[Work instructions]:
Extract only the lines from the start of the entries below to the line with "Leírás: Jelzett fekvő", inclusive; omit every picture.

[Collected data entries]
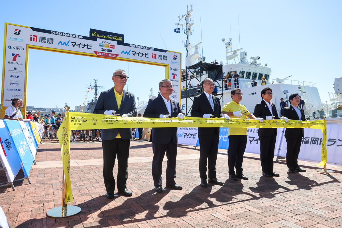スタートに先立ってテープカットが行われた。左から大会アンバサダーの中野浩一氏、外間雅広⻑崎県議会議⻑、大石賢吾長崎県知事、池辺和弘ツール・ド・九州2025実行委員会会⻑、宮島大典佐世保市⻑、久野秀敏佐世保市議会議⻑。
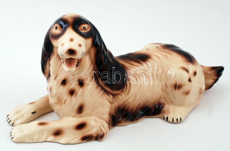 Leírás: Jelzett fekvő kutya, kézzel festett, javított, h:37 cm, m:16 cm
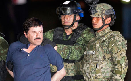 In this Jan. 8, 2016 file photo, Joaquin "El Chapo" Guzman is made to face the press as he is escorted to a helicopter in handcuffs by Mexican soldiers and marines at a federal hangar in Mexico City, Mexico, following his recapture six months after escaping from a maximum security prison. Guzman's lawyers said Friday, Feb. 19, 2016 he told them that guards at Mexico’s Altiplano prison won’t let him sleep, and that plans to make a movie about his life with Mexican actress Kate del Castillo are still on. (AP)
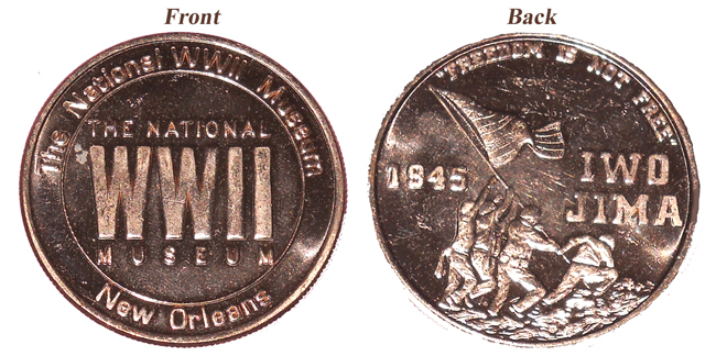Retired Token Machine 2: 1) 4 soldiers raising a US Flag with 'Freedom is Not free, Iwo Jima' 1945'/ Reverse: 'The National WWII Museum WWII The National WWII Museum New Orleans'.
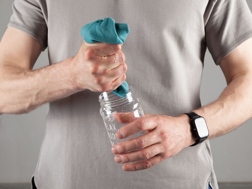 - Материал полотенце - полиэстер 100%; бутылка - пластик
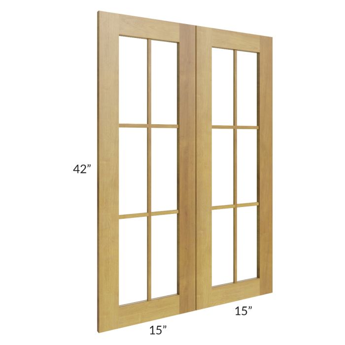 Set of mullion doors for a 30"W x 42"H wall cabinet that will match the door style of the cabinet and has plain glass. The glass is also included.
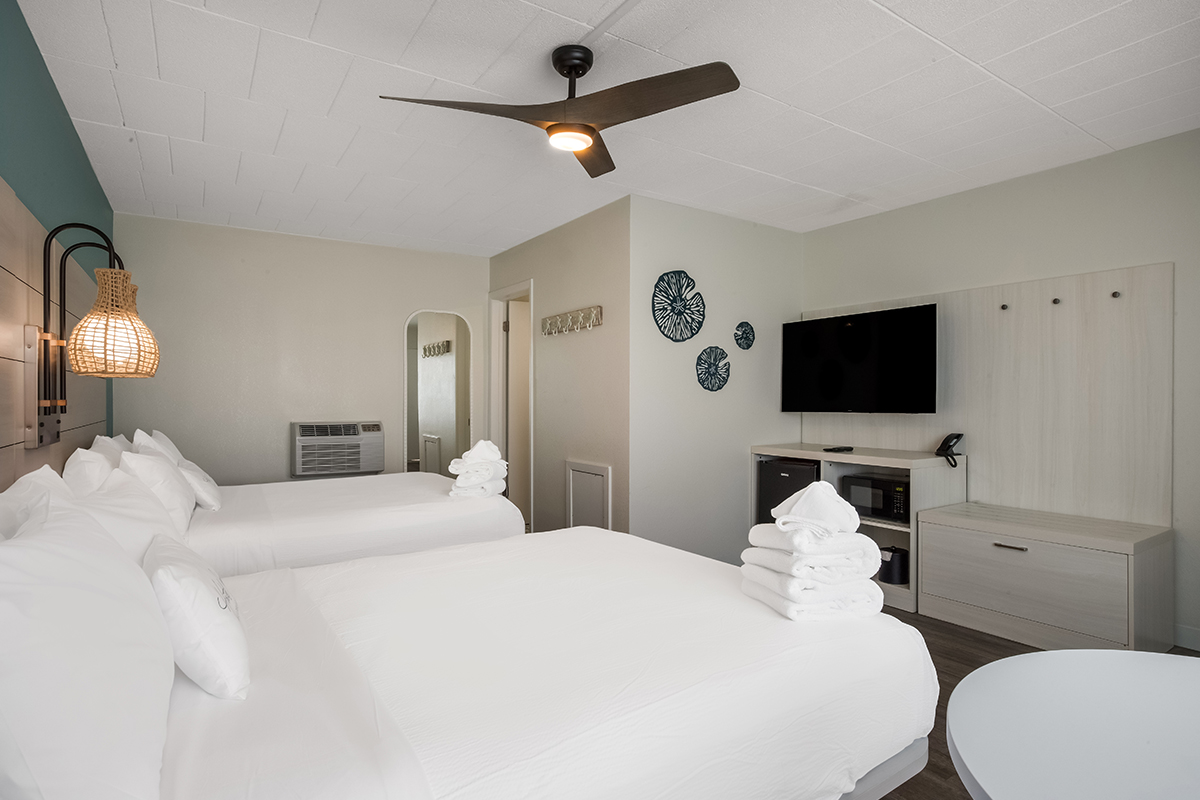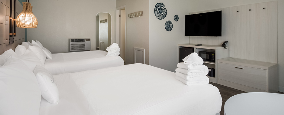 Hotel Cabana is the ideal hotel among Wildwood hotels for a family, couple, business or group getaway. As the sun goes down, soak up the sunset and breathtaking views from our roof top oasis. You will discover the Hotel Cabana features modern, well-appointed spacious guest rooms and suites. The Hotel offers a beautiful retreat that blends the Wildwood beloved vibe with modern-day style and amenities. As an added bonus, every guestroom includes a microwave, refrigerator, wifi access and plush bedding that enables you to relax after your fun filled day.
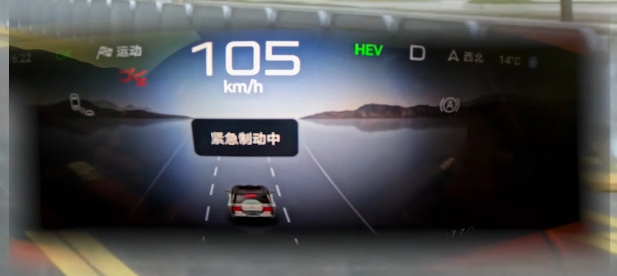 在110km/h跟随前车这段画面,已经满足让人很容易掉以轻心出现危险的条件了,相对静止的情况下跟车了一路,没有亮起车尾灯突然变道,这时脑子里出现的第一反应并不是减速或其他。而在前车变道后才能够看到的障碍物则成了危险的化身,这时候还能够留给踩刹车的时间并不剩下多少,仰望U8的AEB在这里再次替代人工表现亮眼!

[Reply]:
スタートに先立ってテープカットが行われた。左から大会アンバサダーの中野浩一氏、外間雅広⻑崎県議会議⻑、大石賢吾長崎県知事、池辺和弘ツール・ド・九州2025実行委員会会⻑、宮島大典佐世保市⻑、久野秀敏佐世保市議会議⻑。
 Leírás: Jelzett fekvő kutya, kézzel festett, javított, h:37 cm, m:16 cm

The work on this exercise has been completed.